Javi looked up tiredly and tried to sound more certain than he felt.

“She’ll be fine.”

Oliver looked away, his lips pressed tight together. Not believing.

Molly hadn’t opened her eyes since fainting after the engine fire. Her breathing had been fast and shallow all night, and she was covered with a sheen of sweat. When Javi dribbled water between her lips, she would swallow a few drops and murmur meaningless words, but that was the only sign of consciousness.

The illness seemed to be consuming her.

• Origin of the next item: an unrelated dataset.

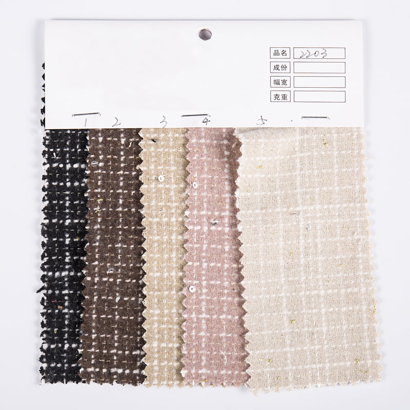 Sequins Check Plaid Tweed Fabric 2203 je látkový výrobek vyrobený z vysoce kvalitního 100% chemického vlákna. Díky pokročilé textilní technologii tato tkanina dokonale kombinuje trvanlivost, odolnost proti mačkavosti a vlastnosti chemického vlákna se snadnou údržbou, což zajišťuje, že si látka může zachovat svůj původní tvar a texturu po dlouhodobém používání a častém praní. Hlavní rys látky spočívá v jedinečném károvaném designu s flitry. Flitrové prvky jsou rovnoměrně rozmístěny na povrchu látky pomocí jemného vkládání, což nejen zvýrazňuje vizuální vrstvení látky, ale také pod světlem vykazuje jemný a nenápadný efekt lesku a dodává jedinečný zvýraznění. oblečení. Kostkovaný vzor přebírá klasické barevné sladění a rozložení, které nejen zachovává retro kouzlo tvídové látky, ale také zahrnuje jednoduchost a atmosféru moderního designu, takže látka může ukázat elegantní a stylový vzhled při různých příležitostech. Pokud jde o texturu, flitrovaná károvaná tvídová látka 2203 s procesem tvídového tkaní dodává látce bohatý trojrozměrný smysl a jemný dotek. Výběr chemických vláken činí látku měkkou a pohodlnou a zároveň má dobrou prodyšnost a odolnost proti opotřebení, což zajišťuje, že nositel může zažít pohodlí a pohodlí a zároveň si užívat módní krásu. Flitrovaná kostkovaná tvídová tkanina 2203 má také extrémně vysokou plasticitu a použitelnost. Ať už se používá pro špičkovou přizpůsobenou módu nebo doplňky pro každodenní nošení, látka dokáže dokonale integrovat různé styly designu a požadavky na krejčovství a ukazuje různá módní kouzla.

Her face was gaunt, and her muscles and veins stood out on her already wiry limbs.

Worst of all, the wound on her shoulder still glowed that awful, luminous green.

At dawn, Akiko had lured two fat slide-whistle birds straight into Javi’s net, and they had a pile of red berries ready, but there was no way to get Molly to eat.

Oliver stood there, waiting for more, and Javi wondered if he wanted the truth. The kid had fought hard to make them all stop sugarcoating things. Maybe it was time to talk to him straight.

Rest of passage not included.